Haley StoreyHaley Storey, from Hampshire, is now in an engineering role after being away from the industry for 17 years. Haley took part in one of STEM Returners programmes with BAE Systems based in Portsmouth. After completing a 12-week placement working on a Type 45 Destroyer, she has now joined the company permanently as a Project Engineer, helping to find engineering solutions during ship maintenance or upkeep periods.

“I left my role as a production manager in 2003 when I started my family,” Haley said. “I was self-employed after that but as my role wasn’t related to engineering, I couldn’t see a way to get back in when I wanted to restart my career.

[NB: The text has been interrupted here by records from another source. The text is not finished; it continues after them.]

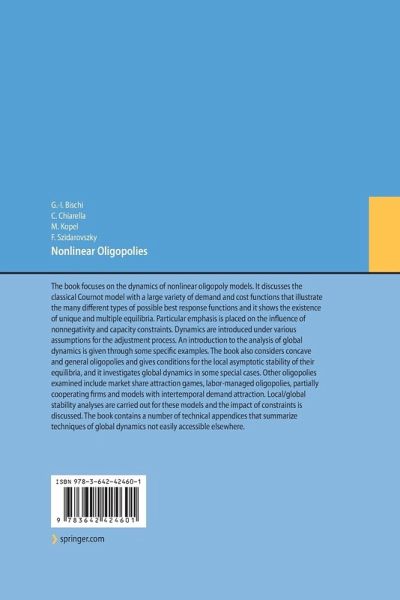 The book focuses on the dynamics of nonlinear oligopoly models. It discusses the classical Cournot model with a large variety of demand and cost functions that illustrate the many different types of possible best response functions and it shows the existence of unique and multiple equilibria. Particular emphasis is placed on the influence of nonnegativity and capacity constraints. Dynamics are introduced under various assumptions for the adjustment process. An introduction to the analysis of global dynamics is given through some specific examples. The book also considers concave and general oligopolies and gives conditions for the local asymptotic stability of their equilibria, and it investigates global dynamics in some special cases. Other oligopolies examined include market share attraction games, labor-managed oligopolies, partially cooperating firms and models with intertemporal demand attraction. Local/global stability analyses are carried out for these models and the impact of constraints is discussed. The book contains a number of technical appendices that summarize techniques of global dynamics not easily accessible elsewhere.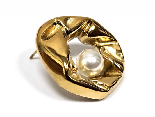 Χρυσά Ασύμμετρα Σκουλαρίκια με Μαργαριτάρι και Πτυχωτή Υφή | 2512-301X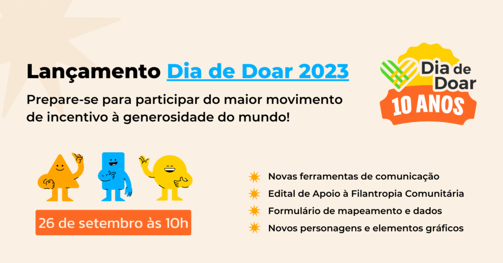 No próximo 26 de setembro, a partir das 10h, ocorrerá o lançamento do “Dia de Doar 2023: quem doa, transforma”. Realizado no formato de webinar, o evento trará orientações para que as organizações do Terceiro Setor possam aproveitar ao máximo a mais importante campanha sobre filantropia no Brasil. A participação é gratuita, aberta a qualquer participante, de qualquer lugar do país.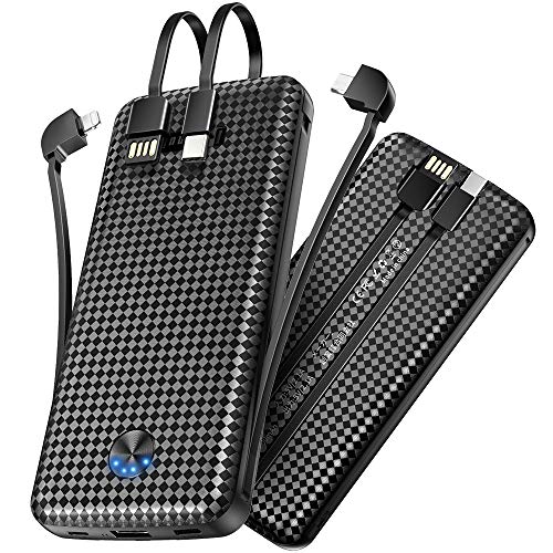 【2020最新型&4つケーブル内蔵&一体型】 モバイルバッテリー 10000mAh ケーブル内蔵 急速充電 USB充電 3in1出力(Lightning+Micro USB+Type C) 4台同時充電 大容量 軽量 バッテリー 携帯充電器 スマホ充電器 PSE認証済 防災グッズ 旅行/出張/地震/緊急用 アウトドア活動などの必携品 iPhone/iPad/Android等機種対応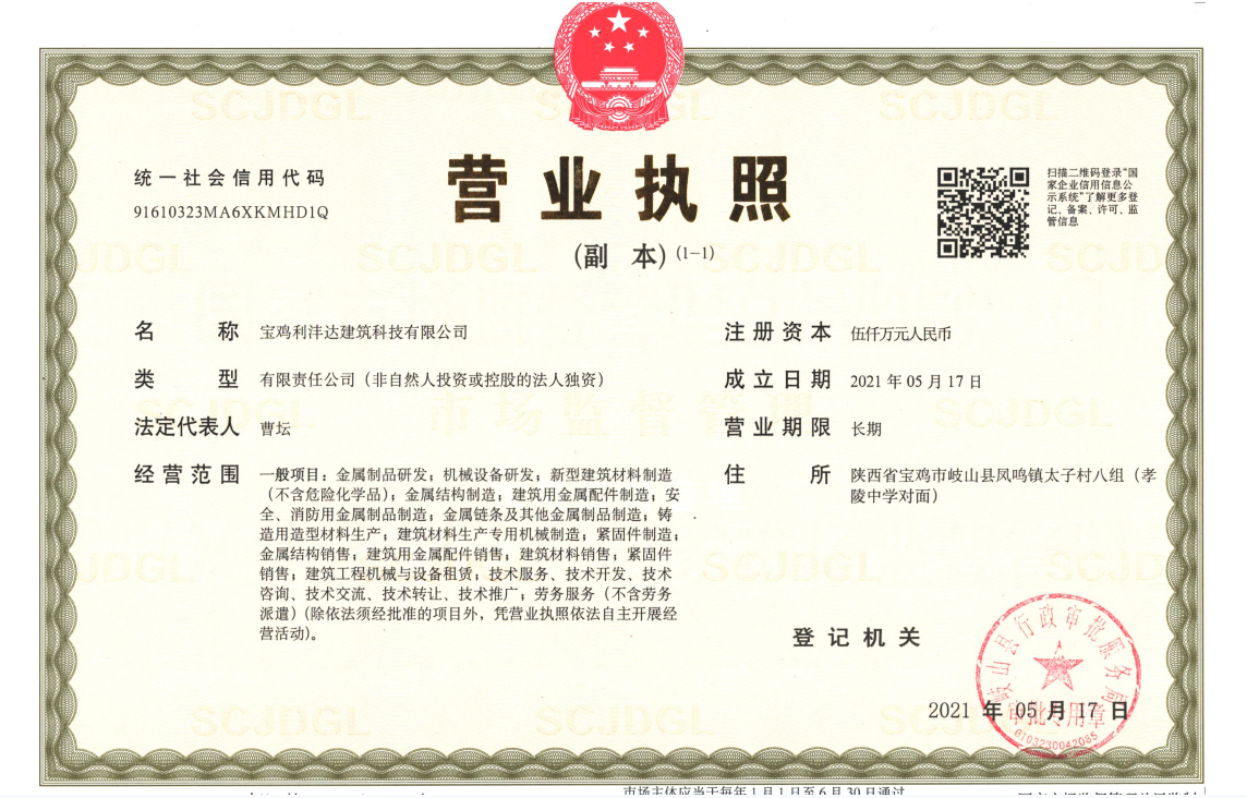 宝鸡利沣达建筑科技有限公司是宝鸡市2022年招商引资重点项目,被评为宝鸡市2022年招引“大项目”,宝鸡市市长及岐山县县长等领导班子多次莅临现场指导项目建设工作,确保宝鸡利沣达公司新型环保金属材料生产基地的建设有序推进;宝鸡利沣达公司也将不负众望,为努力推动区域经济发展做出更大的贡献。

“The STEM Returner scheme seemed to be directed at people just like me – someone who had previously been in a technical job but had been away for a period of time.

“My CV would probably not have made the first round of the recruitment process, but the scheme enabled me to work alongside an experienced engineer and I was able to learn from him and get to grips with the workings of a large organisation. 

“Career breaks should not put good people at the bottom of the list – we still have ability, knowledge and often transferable skills so it would be great for that to be recognised.”

Rebecca Pearce, BAE Systems Maritime Services, added: “Over the years we’ve recruited fantastic talent that we wouldn’t normally have had access to. We really want to celebrate the success and calibre of candidates we’ve recruited through the STEM Returner programme, and to recommend that more people use this method of recruitment.”